=== What the task asks ===
Lines before the one containing "Les travaux de" are not wanted; restate the rest below word for word, through the last line, but drop any pictures.

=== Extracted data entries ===

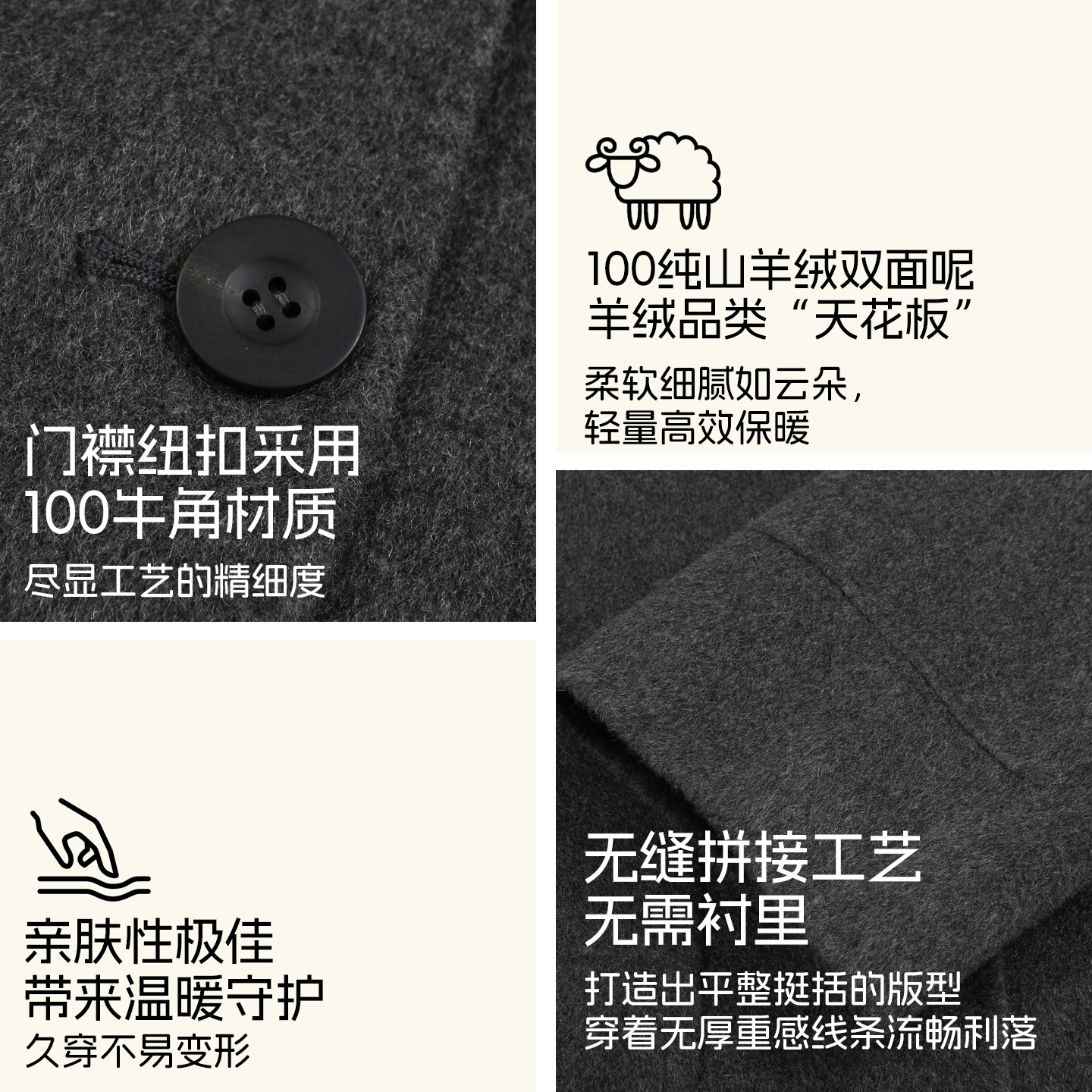 图曼朵灰色双面呢羊毛大衣女秋冬新款 毛呢短外套 高级感小个子短款
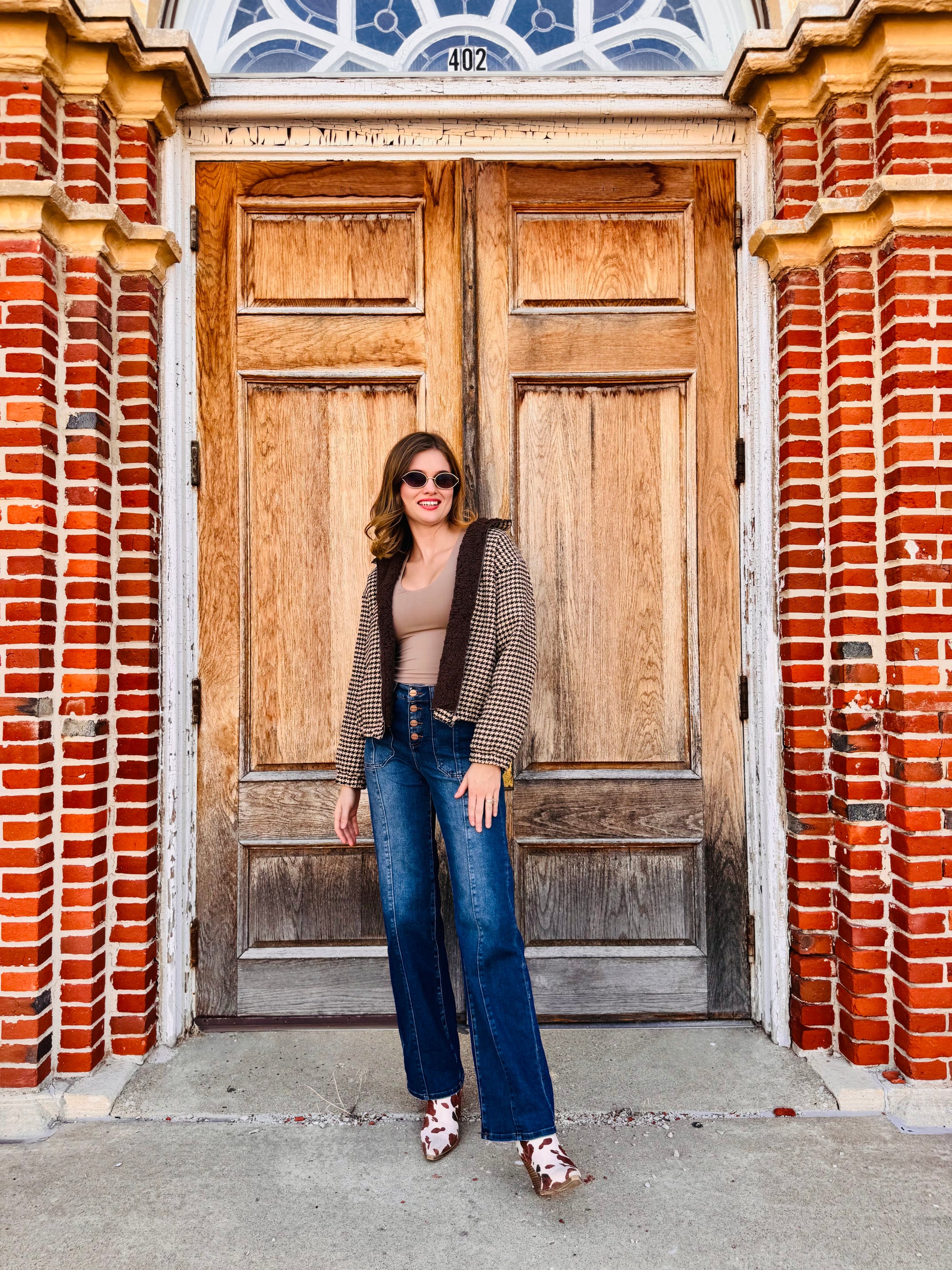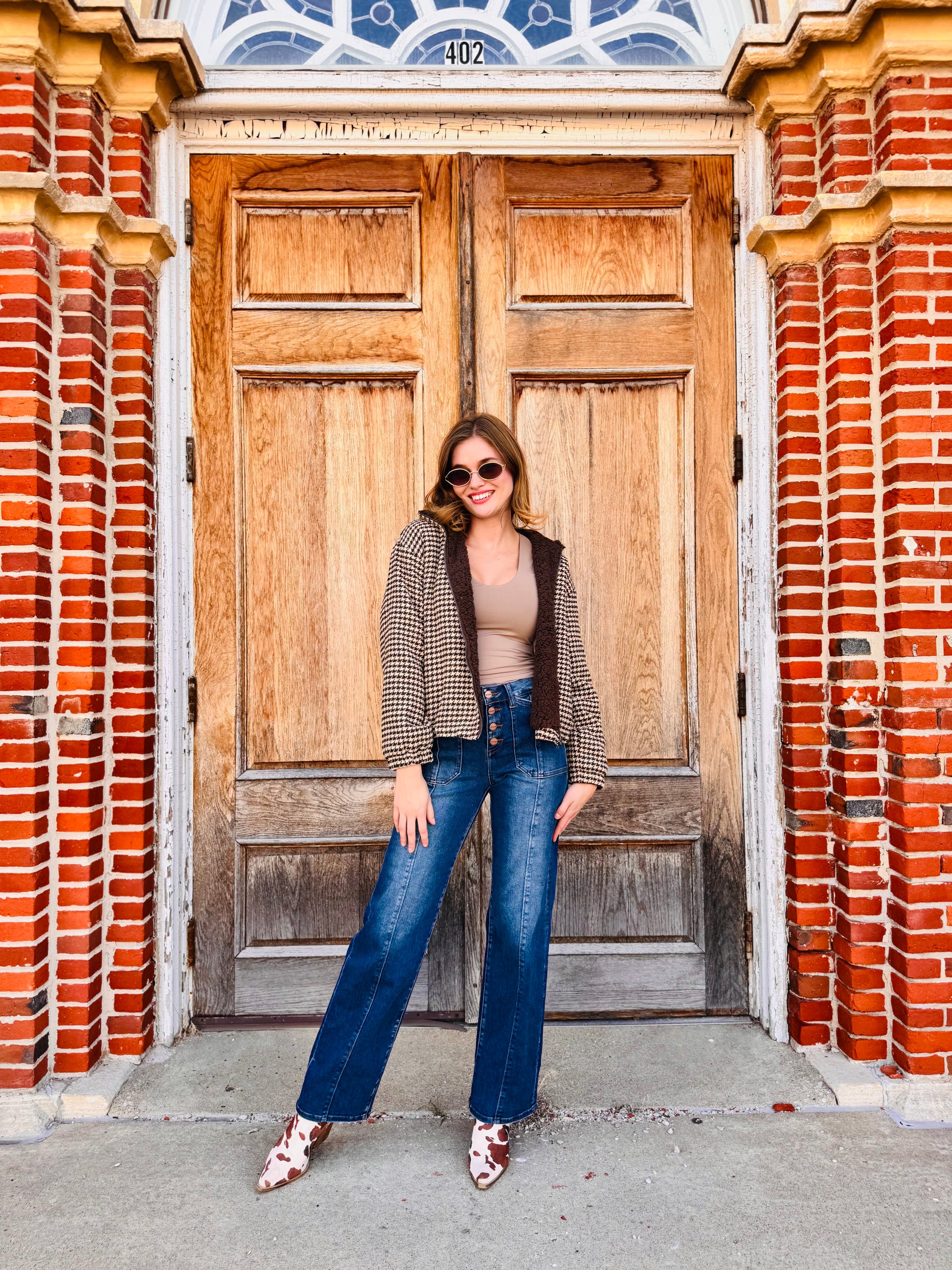 Houndstooth Sherpa Zip Up Jacket
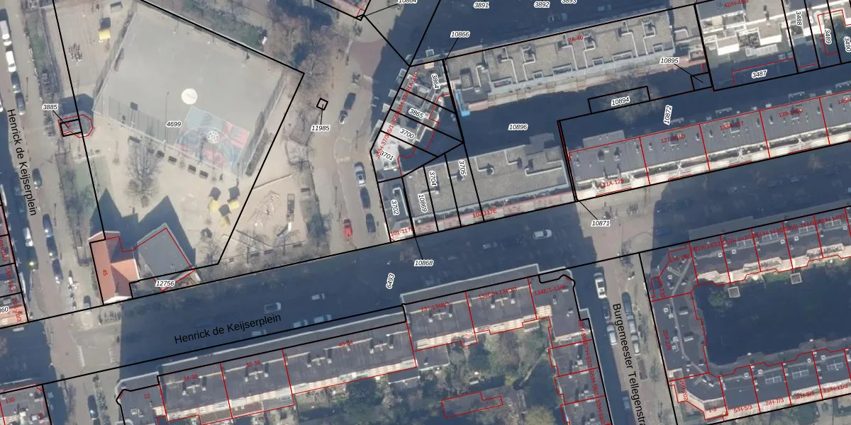 Het adres is gelegen op perceel 10869 in de sectie V en de kadastrale gemeente Amsterdam. De kadastrale aanduiding is aldus ASD18-V-10869. Het perceel is kleiner dan gemiddeld in Amsterdam. Het perceel is 81 m² groot, terwijl het gemiddelde ligt op 559,23 m². Het grootste perceel in de kadastrale gemeente is 12,5 ha. Het kleinste perceel heeft een oppervlakte van 0 m². Op het perceel zijn 5 adressen aanwezig. In de Basisregistratie Kadaster (BRK) werden de grenzen van het perceel geregistreerd op 09-08-2006.
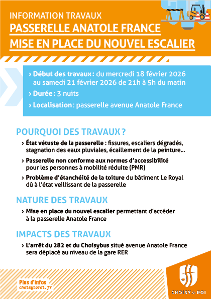 Les travaux de la passerelle avenue Anatole France se poursuivent. Place à l’installation du nouvel escalier du mercredi 18 février au samedi 21 février, de 21h à 5h du matin !
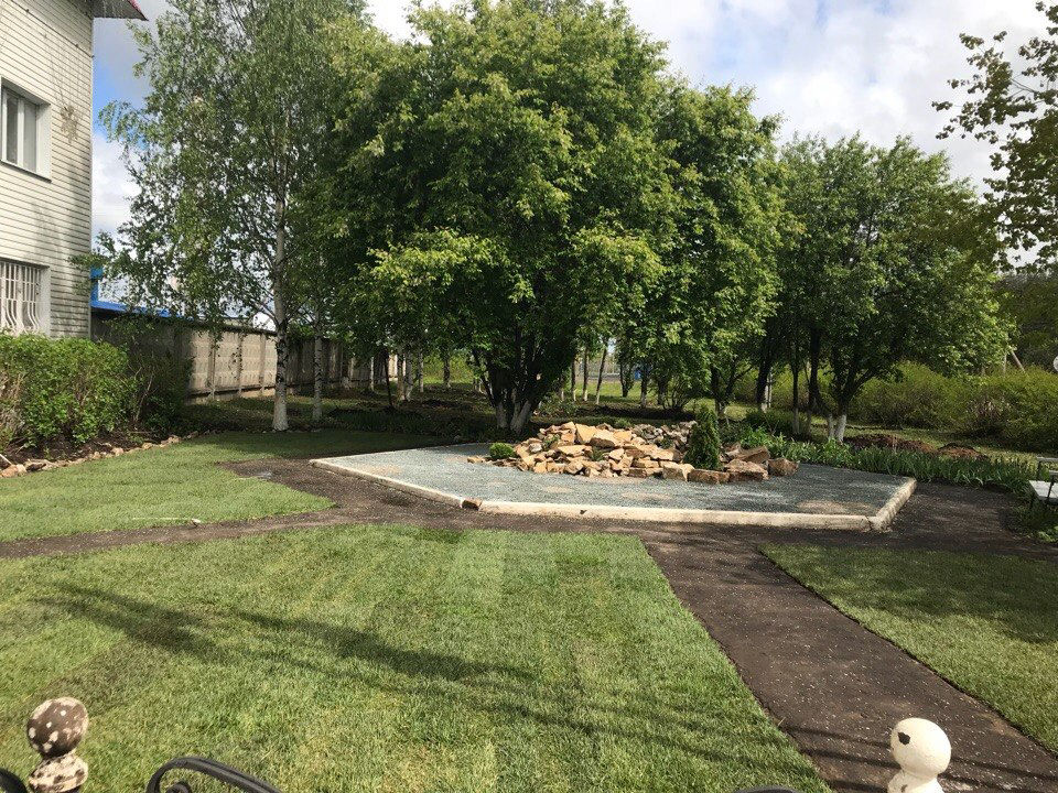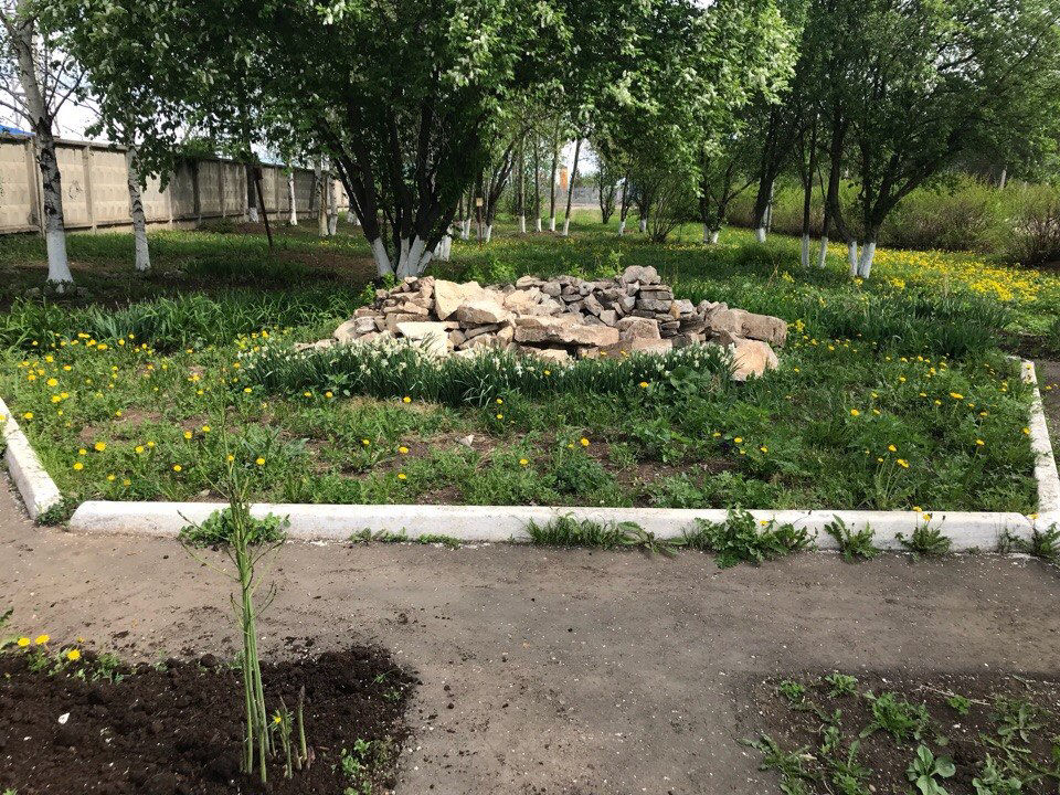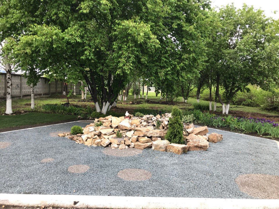 4. Укладка камня в альпийскую горку из имеющейся кучи камней, посадка растений, отсыпка щебнем двух цветов в виде узора
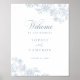 Elegante Vintage florale botanische Dusty Blue Wedding Willkommenszeichen. Traditionelles klassisches Begrüßungszeichen
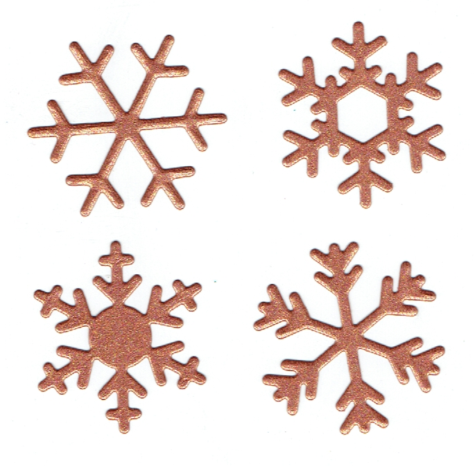 Scrapki papierowe miedziane perłowe śnieżynki, gwiazdki - 4 sztuki
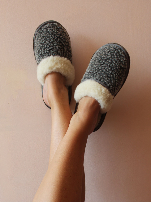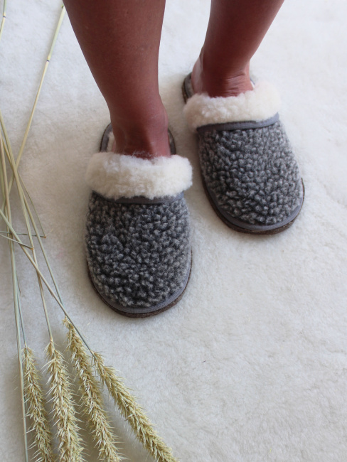 Обувь домашняя пантолеты (тапки) LANATEX из натуральной овечьей шерсти. Подошва - войлок. Цвет серый. Арт. 2164

=== Exercise result ===
 Les travaux de la passerelle avenue Anatole France se poursuivent. Place à l’installation du nouvel escalier du mercredi 18 février au samedi 21 février, de 21h à 5h du matin !
 4. Укладка камня в альпийскую горку из имеющейся кучи камней, посадка растений, отсыпка щебнем двух цветов в виде узора
 Elegante Vintage florale botanische Dusty Blue Wedding Willkommenszeichen. Traditionelles klassisches Begrüßungszeichen
 Scrapki papierowe miedziane perłowe śnieżynki, gwiazdki - 4 sztuki
 Обувь домашняя пантолеты (тапки) LANATEX из натуральной овечьей шерсти. Подошва - войлок. Цвет серый. Арт. 2164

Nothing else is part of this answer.